O recurso a esta noção de apoio ou análise permite deslindar o problema complexo do objeto pulsional. Se nos referirmos, a título, por exemplo, à fase oral, o objeto é, na linguagem da pulsão de autoconservação, o que alimenta; na da pulsão oral, é aquilo que se incorpora, com toda a dimensão fantasmática que a incorporação contém. A análise dos fantasmas orais mostra que esta atividade de incorporação pode incidir sobre objetos muito diferentes dos objetos de alimentação, definindo então a “relação do objeto oral”.

                       II.      A noção de objeto em psicanálise não deve apenas entender-se em referência à pulsão – se é que o funcionamento desta pode ser apreendido no estado puro. Ela designa  igualmente aquilo que para o indivíduo é  objeto de atração, objeto de amor, na generalidade dos casos uma pessoa. Só a investigação analítica permite  revelar, para além desta relação global do ego com os seus objetos de amor, o funcionamento próprio das pulsões no seu polimorfismo, as sua variações, os seus correlatos fantasmáticos. Nos primeiros tempos em que Freud analisa as noções de sexualidade e de pulsão, o problema de articular entre si o objeto da pulsão e o objeto de amor não está explicitamente presente, nem o pode estar; com efeito, os Três Ensaios, na sua primeira edição (1905), estão centrados na oposição fundamental que existiria entre o funcionamento da sexualidade infantil e o da sexualidade post-pubertária. A primeira é definida como essencialmente auto-erótica e, nessa fase do pensamento de Freud, a acentuação não incide no problema da sua relação com um objeto diferente do próprio corpo, ainda que fantasmático. A pulsão define-se na criança como parcial, mas em virtude do seu modo de satisfação (prazer localizado, prazer de órgão) do que em função do tipo de objeto por ela visado. Só na puberdade intervém uma escolha de objeto, da qual podem evidentemente encontrar-se “prefigurações” , “esboços”, na infância, o que permite  que a vida sexual, ao mesmo tempo que se unifica, se oriente definitivamente para outrem.

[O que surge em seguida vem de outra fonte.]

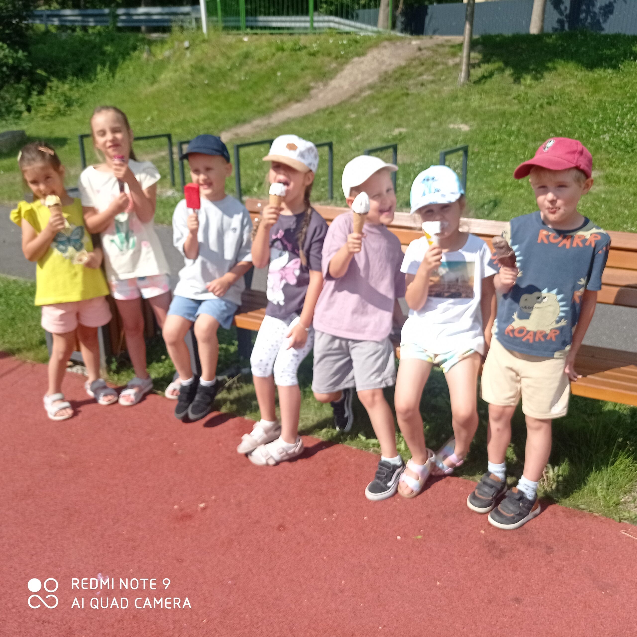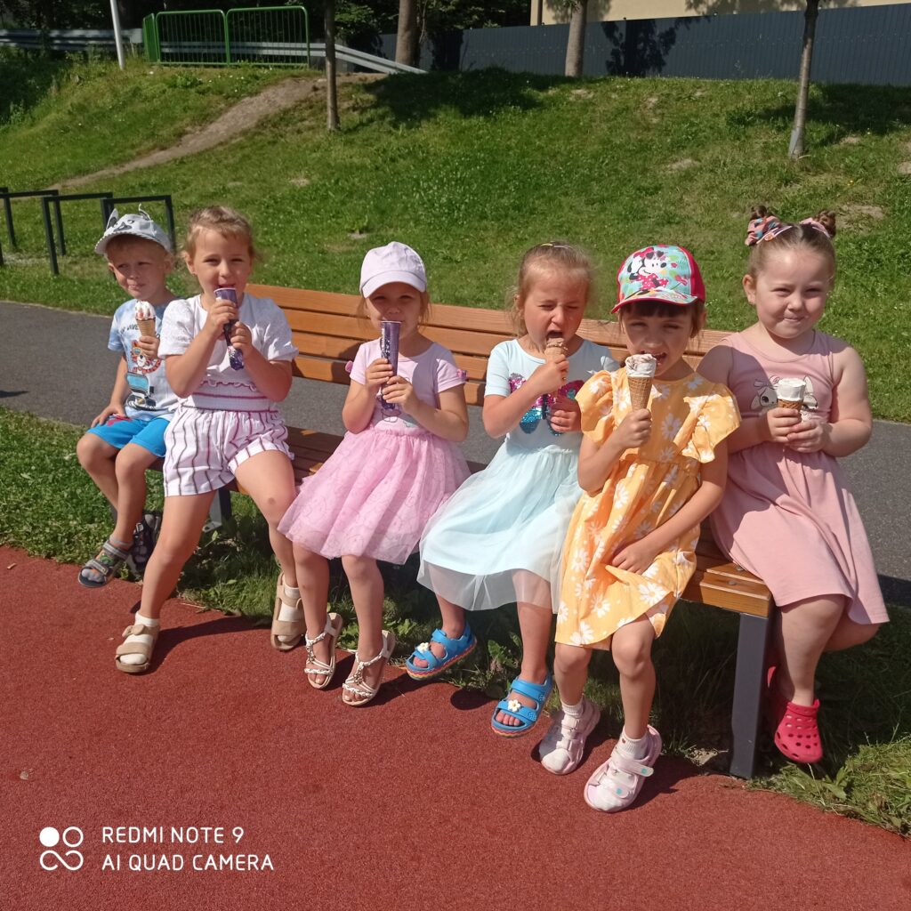 Za odniesiony sukces cala grupa wybrała się na smaczne lody.
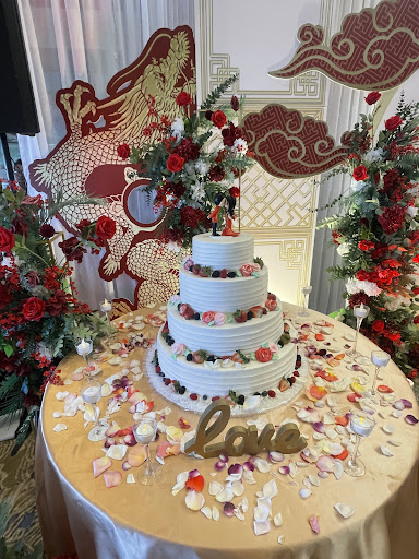 The baker arrived with an assistant to the venue on time and assembled each layer on site. He also piped the decorative flowers on site, which honestly was pretty cool to watch. He also helped us put our cake topper. Our guests loved the cake, taking photos of it and eating it!
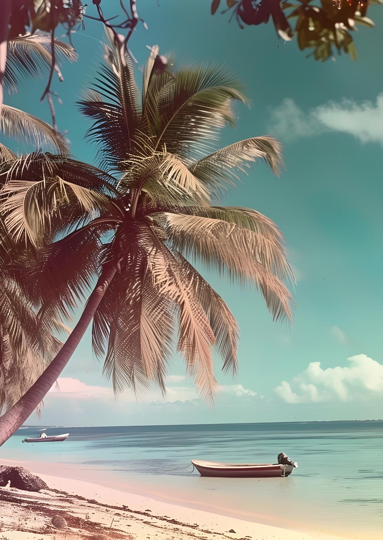 The composition draws your eye through layers of calming detail: gently swaying palms arch overhead, their fronds diffusing the sunlight into soft, nostalgic hues. A small boat rests at the water’s edge, embodying the quiet invitation of an unhurried day. The stillness of the sea, rendered in tranquil gradients of turquoise and misty teal, completes the atmosphere of escape.
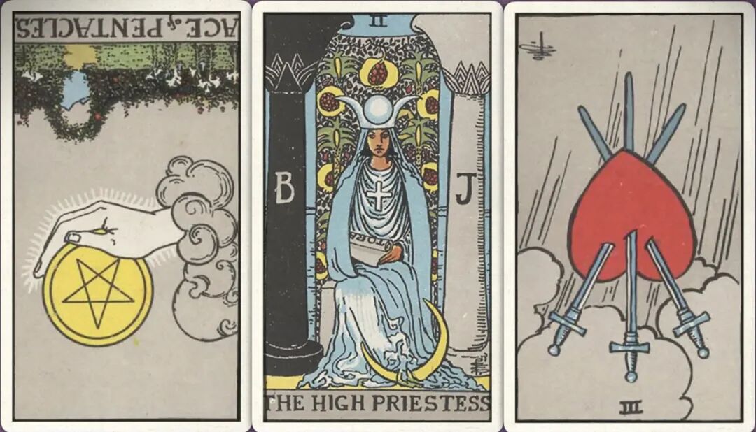 牌:星币ace- 女祭司+ 宝剑三-

É sabido que entre 1905 e 1924 a oposição entre auto-erotismo infantil e escolha de objeto pubertária se vai progressivamente atenuando. São descritas diversas fases pré-genitais da libido, que implicam todas um modo original de “relação de objeto”. O equívoco que a noção de auto-erotismo poderia acarretar (na medida em que se arriscava a ser compreendida como implicando que o indivíduo ignorasse inicialmente qualquer objeto exterior, real ou até fantasmático) dissipa-se. As pulsões parciais, cujo funcionamento define o auto-erotismo, são chamadas parciais na medida em que a sua satisfação está ligada, não apenas a uma zona erógena determinada, como ainda ao que a teoria psicanalítica denominará objetos parciais. Entre estes objetos estabelecem-se equivalências simbólicas, trazidas a luz por Freud em As Transposições da Pulsão e especialmente do Erotismo Anal (Über Triebumsetzungem, insbesondere der Analerotik, 1917), intercomunicações que fazem passar a vida pulsional por uma série de metamorfoses. A problemática dos objetos parciais tem como efeito desmantelar o que a noção relativamente indiferenciada de objeto sexual podia ter, no inicio do pensamento freudiano, de englobante. Efetivamente, somos então levados a separar um objeto propriamente pulsional e um objeto de amor. O primeiro defini-se essencialmente como suscetível de proporcionar a satisfação pode designadamente ser fornecida por uma parte do corpo. A acentuação incide então na contingência do objeto enquanto subordinado a satisfação. Quanto a relação com o objeto de amor, essa se faz intervir, tal como o ódio, um outro par de termos: “... os termos amor e ódio não devem ser utilizados para as relações  das pulsões com seus objetos. Note-se a este propósito, do ponto de vista terminológico, que Freud, mesmo quando põe em evidencia as relações  com o objeto parcial, reserva a expressão “escolha de objeto” para a relação da pessoa  com seus objetos  de amor, que, também eles, são essencialmente pessoas totais.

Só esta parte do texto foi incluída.